Немцу не понять русскую душу. Его подход к жизни прямой, без извилин, будто свая, без нашего размаха, горячности и пламенности.
Едва я закончил писать эти строки, как события принудили меня вновь проявить решительность в расследовании запутанного дела.
На дворе стояла глубокая ночь, когда я вновь услышал возню, стоны и плач за дверью. Чтобы не повторить злополучную ошибку той ночи, когда холод помешал расследованию, я решил одеться потеплее и соблюдая всяческую осторожность решился выйти из моего убежища. Некоторое время глаза привыкали к темноте. Когда же я смог различать предметы, то направился потихоньку на шум. Иногда шум напоминал кошачье мяуканье, иногда разговор. Двигался я малыми шагами, поминутно ощупывая стены руками, чтобы не свалить с грохотом на пол какой-нибудь горшок и не выдать себя с головою. Именно эта разумная неторопливость и позволила мне незаметно подкрасться к одной из комнат, откуда пробивался свет.
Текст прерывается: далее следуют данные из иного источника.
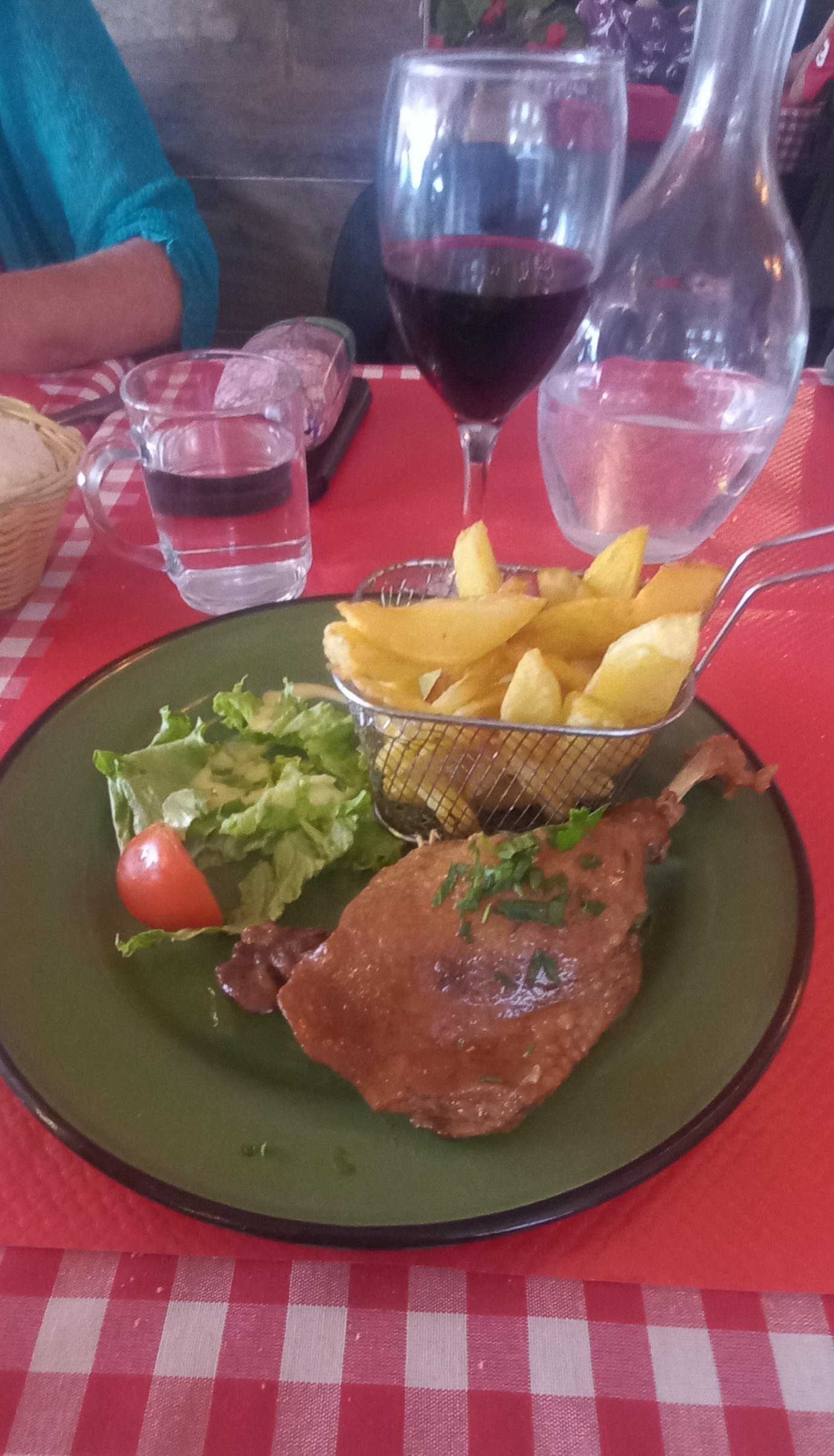 Bon accueil, L’apéritif est servi rapidement, presque aussi vite que l’entrée d’ailleurs… pas le temps d’apprécier le verre… Les entrées sont correct, mais le plat ne correspond pas à la carte, et les frites maison n’ont rien de maison… La cuisine traditionnelle française est dans toute son intégralité à la carte… un peu trop d’ailleurs. Ça marche pour les touristes étranger.

Мимо меня мелькнула тень и скрылась за дверью. В то мгновение, когда фигура осветилась слабым светом, проникавшим из комнаты, я заметил, что это был Фурцель. В руках он нёс длинный моток верёвки! Дверь оставалась приоткрытою, поэтому я прекрасно различал, как кошка вновь замяукала. Раздались немецкие слова, потом началась возня. Звуки голоса сделались приглушённее. Различался также голос Анны Амалии. Вдруг с грохотом что-то упало мне под ноги и намочило штаны. Это я по неосторожности задел кадку с молоком. Отступать мне было некуда. Я собрался с духом и резко распахнул дверь со словами:
– Что это значит?
Наступило секундное молчание. В небольшой комнатке стояла детская кроватка, слабый свет подсвечника отбрасывал кривые тени на стены. На меня глядела насмерть перепуганная госпожа Фурцель в одном исподнем. Волосы на голове её были распущены. Из-под сорочки виднелись голые лодыжки. Рядом с ней, с перекошенным от ужаса лицом стоял её муж. В руках он держал маленькое извивающееся существо в ночной рубашке, со скрученными верёвкой руками. Существо мяукало, царапалось и кусалось. Девочка лет семи, истерзанная собственными родителями! Такова была моя первая мысль.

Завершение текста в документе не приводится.